Thursday, June 19, 2008

no, I'm not going to Switzerland

These are my final few days left in Oregon. On the 22 I will fly to Philadelphia for Staging, which is PC jargon for a 3-day orientation stateside. According to current volunteers I should be spending this time eating as much Thai and Mexican food as possible. Check.



Since I just graduated from college (3 days ago) I've been spending a lot of time answering the inevitable "what are you going to do now?" question. It's kind of nice to have a really cool answer. In fact, I've never gotten so much attention at parties as when I mention I'm going into the Peace Corps. Well, that pudding wrestling stunt got me a lot of notice too.

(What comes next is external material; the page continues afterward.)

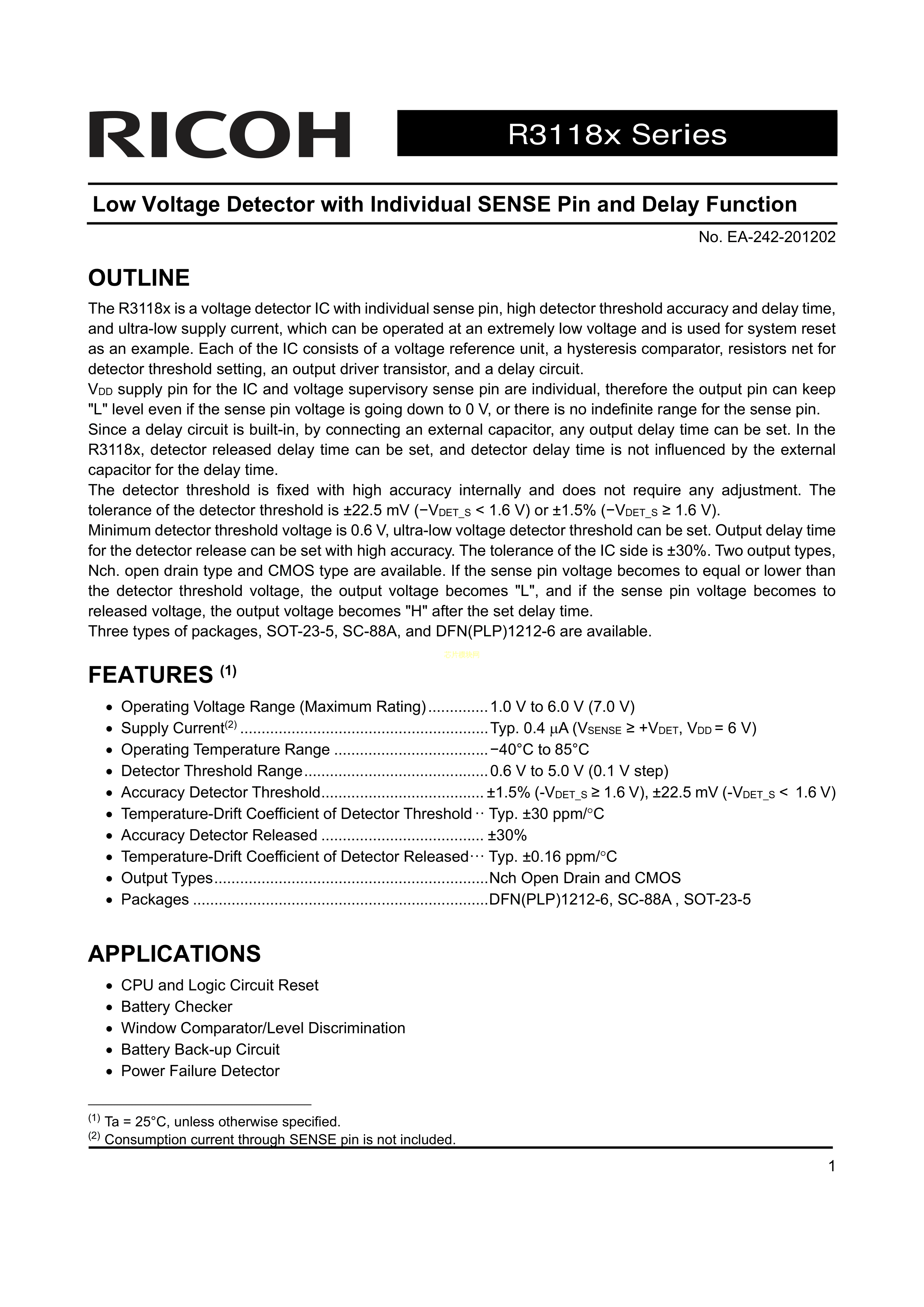 R3118K501A-TR数据手册DFN(PLP)1212-6封装RICOH(理光)PDF规格书,中

The first thing I've noticed is that not too many people know where Swaziland is off the top of their heads. Most people think I'm going to Switzerland (to guard the banks? chocolate?). Once I explain that it's in Africa, that ignites some new questions. So here goes,



Yes, I am excited. This might be the biggest adventure I have in my whole life, and I'm beyond thrilled to begin it. Yes, I am scared. I am going to a very foreign country without a single person I know, or have even met before. In fact, Swaziland is as far away from home as I can get without being in the middle of the Indian Ocean. Nearly half of all Swazis have HIV or AIDS and this amount of devastation terrifies me. I'm also quite worried that the other volunteers won't like me. And yes, it will be hard to leave for two years. The decision to just up and leave my family for that long feels callous, and I still haven't gotten used to it. I anticipate making a rather embarrassing scene at the airport on Sunday. Even though I know I can home early, I don't really think this is an option for me. I made a commitment to my country, Swaziland, and the United States Peace Corps. I believe in commitment, and if I am at all able, I will remain for the whole two years.

all right. . . back to the packing.

1 comment:

Katie said...

You are my favoritest ever! Swaziland doesn't know how lucky it is (and we weren't too bad at the airport).